What is being asked: Everything in the data that follows should be given again verbatim, except the images.

Data extract:
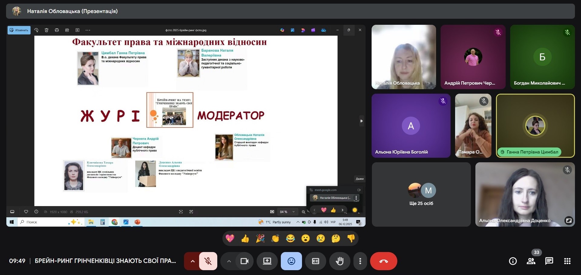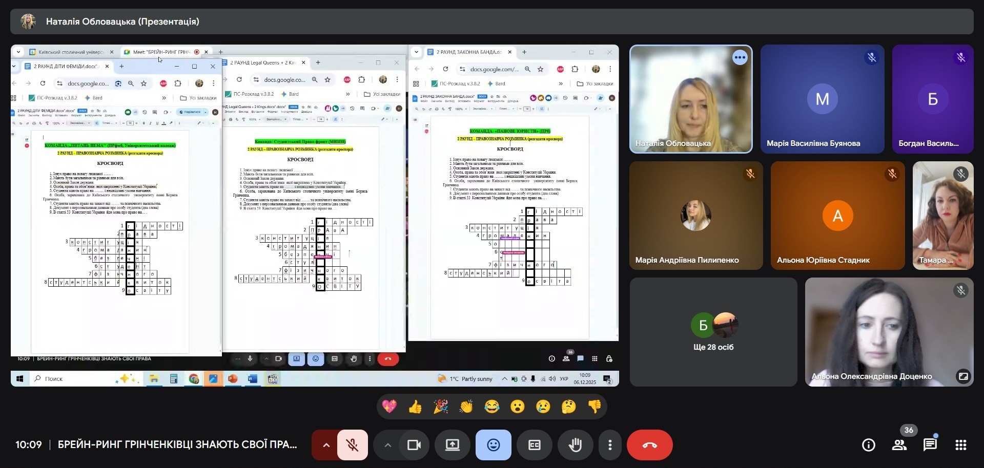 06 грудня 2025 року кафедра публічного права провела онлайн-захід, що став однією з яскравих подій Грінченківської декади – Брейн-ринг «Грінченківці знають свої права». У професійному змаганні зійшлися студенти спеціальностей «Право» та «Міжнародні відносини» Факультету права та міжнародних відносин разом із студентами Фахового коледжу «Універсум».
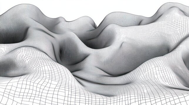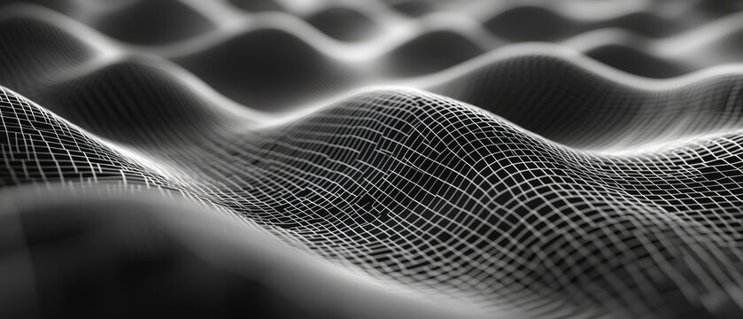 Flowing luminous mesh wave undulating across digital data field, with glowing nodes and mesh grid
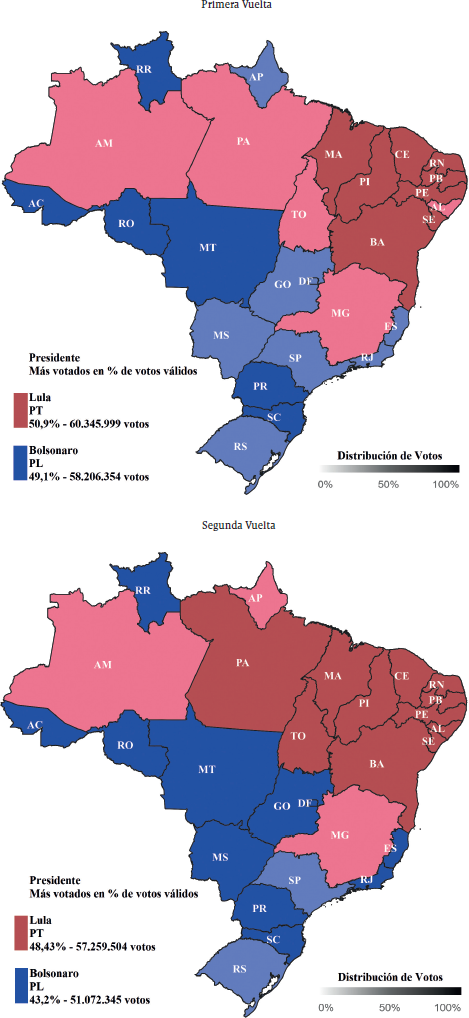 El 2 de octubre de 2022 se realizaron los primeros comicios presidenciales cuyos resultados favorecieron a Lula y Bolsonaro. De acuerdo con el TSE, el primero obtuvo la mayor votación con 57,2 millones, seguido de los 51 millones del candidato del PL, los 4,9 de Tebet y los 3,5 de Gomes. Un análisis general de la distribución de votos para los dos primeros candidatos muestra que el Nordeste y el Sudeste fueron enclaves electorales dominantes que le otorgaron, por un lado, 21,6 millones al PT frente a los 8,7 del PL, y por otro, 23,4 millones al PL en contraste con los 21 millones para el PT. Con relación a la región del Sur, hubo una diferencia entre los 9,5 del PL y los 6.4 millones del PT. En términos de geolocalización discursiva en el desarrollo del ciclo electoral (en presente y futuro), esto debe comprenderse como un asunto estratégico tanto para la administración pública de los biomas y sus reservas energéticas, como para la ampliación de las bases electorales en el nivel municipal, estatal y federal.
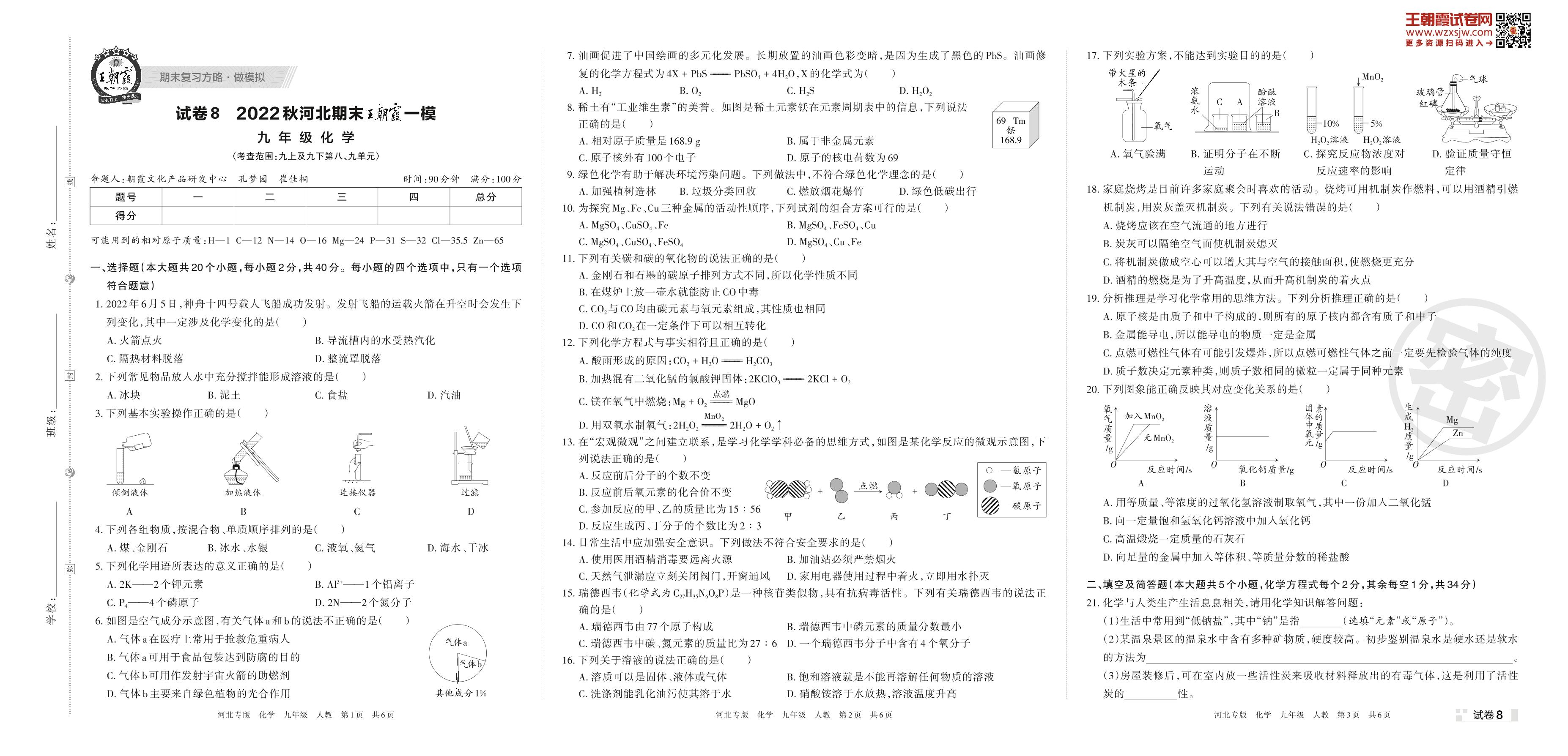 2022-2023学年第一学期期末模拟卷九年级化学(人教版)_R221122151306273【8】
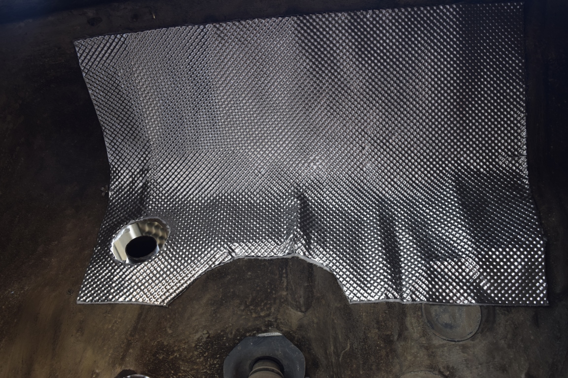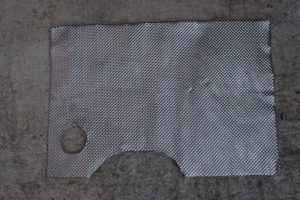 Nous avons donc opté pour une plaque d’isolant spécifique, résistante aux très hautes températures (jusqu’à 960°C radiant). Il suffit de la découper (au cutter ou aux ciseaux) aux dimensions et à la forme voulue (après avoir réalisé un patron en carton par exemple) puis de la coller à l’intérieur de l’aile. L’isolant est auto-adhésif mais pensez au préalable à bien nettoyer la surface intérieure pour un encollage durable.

Solution to this exercise:
 06 грудня 2025 року кафедра публічного права провела онлайн-захід, що став однією з яскравих подій Грінченківської декади – Брейн-ринг «Грінченківці знають свої права». У професійному змаганні зійшлися студенти спеціальностей «Право» та «Міжнародні відносини» Факультету права та міжнародних відносин разом із студентами Фахового коледжу «Універсум».
 Flowing luminous mesh wave undulating across digital data field, with glowing nodes and mesh grid
 El 2 de octubre de 2022 se realizaron los primeros comicios presidenciales cuyos resultados favorecieron a Lula y Bolsonaro. De acuerdo con el TSE, el primero obtuvo la mayor votación con 57,2 millones, seguido de los 51 millones del candidato del PL, los 4,9 de Tebet y los 3,5 de Gomes. Un análisis general de la distribución de votos para los dos primeros candidatos muestra que el Nordeste y el Sudeste fueron enclaves electorales dominantes que le otorgaron, por un lado, 21,6 millones al PT frente a los 8,7 del PL, y por otro, 23,4 millones al PL en contraste con los 21 millones para el PT. Con relación a la región del Sur, hubo una diferencia entre los 9,5 del PL y los 6.4 millones del PT. En términos de geolocalización discursiva en el desarrollo del ciclo electoral (en presente y futuro), esto debe comprenderse como un asunto estratégico tanto para la administración pública de los biomas y sus reservas energéticas, como para la ampliación de las bases electorales en el nivel municipal, estatal y federal.
 2022-2023学年第一学期期末模拟卷九年级化学(人教版)_R221122151306273【8】
 Nous avons donc opté pour une plaque d’isolant spécifique, résistante aux très hautes températures (jusqu’à 960°C radiant). Il suffit de la découper (au cutter ou aux ciseaux) aux dimensions et à la forme voulue (après avoir réalisé un patron en carton par exemple) puis de la coller à l’intérieur de l’aile. L’isolant est auto-adhésif mais pensez au préalable à bien nettoyer la surface intérieure pour un encollage durable.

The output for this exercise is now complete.